I haven't used a screen reader, nor have I looked at their source code, but it
did make me wonder if such a setup (with user invisible fields) might still be
read by the screen readers (depending on how they convert the raw html into
content for the listener).

If I ever get around to fixing my comment system on my blog (I don't really
like comments... and thats probably why my current commenting system is
passive-aggressive), I'll try implementing these ideas. Good link.

------
willarson
Although often not considered, the greatest flaw of captchas is they make some
functionality unavailable for disabled web users (audio captcha for the deaf,
standard distortion captchas for those with poor eyesight, flash captchas will
also be impervious to screen readers).

I have played with captchas a bit and I think its important to make captchas
which rely on thinking and comprehending, not on some facet where human senses
are still more acute than electronic sensors (this is a deadend, as computer
cycles get cheaper and algorithms improve I don't really believe that human
senses will be superior to dedicated electronic ones in well... anything).

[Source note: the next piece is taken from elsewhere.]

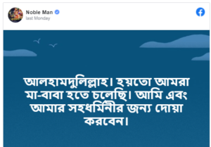 গত ২৮ জুন বিতর্কিত নোবেল ফেসবুকে ‘সুসংবাদ’ দিয়েছিলেন। জানিয়েছিলেন, তাঁদের জীবনে আসতে পারে নতুন অতিথি। ফেসবুকে লিখেছিলেন, ‘হয়তো আমরা মা-বাবা হতে চলেছি। আমার এবং আমার সহধর্মিণীর জন্য দোয়া করবেন।’ মুহূর্তেই নেটমাধ্যমে ছড়িয়ে পড়ে নোবেলের পোস্ট। শুভেচ্ছা বার্তায় ভরে যায় মন্তব্য বাক্স।

My favorite captcha (perhaps my own idea, not quite sure though) is to have
something like this "Please enter the missing item: 532 533 534 535 536". This
satisfies my requires for a 'fair' captcha: 1. it is delivery neutral (a
screen reader, a blind individual, or a fully healthy individual can all
understand this captcha), and 2. It is relatively resistant to brute force
because the question doesn't contain the answer.

As is stands, the vast majority of captcha implementations are discriminatory
(you need to, at minimum, have a choice between an audio and a visual captcha,
or use a captcha that is delivery neutral).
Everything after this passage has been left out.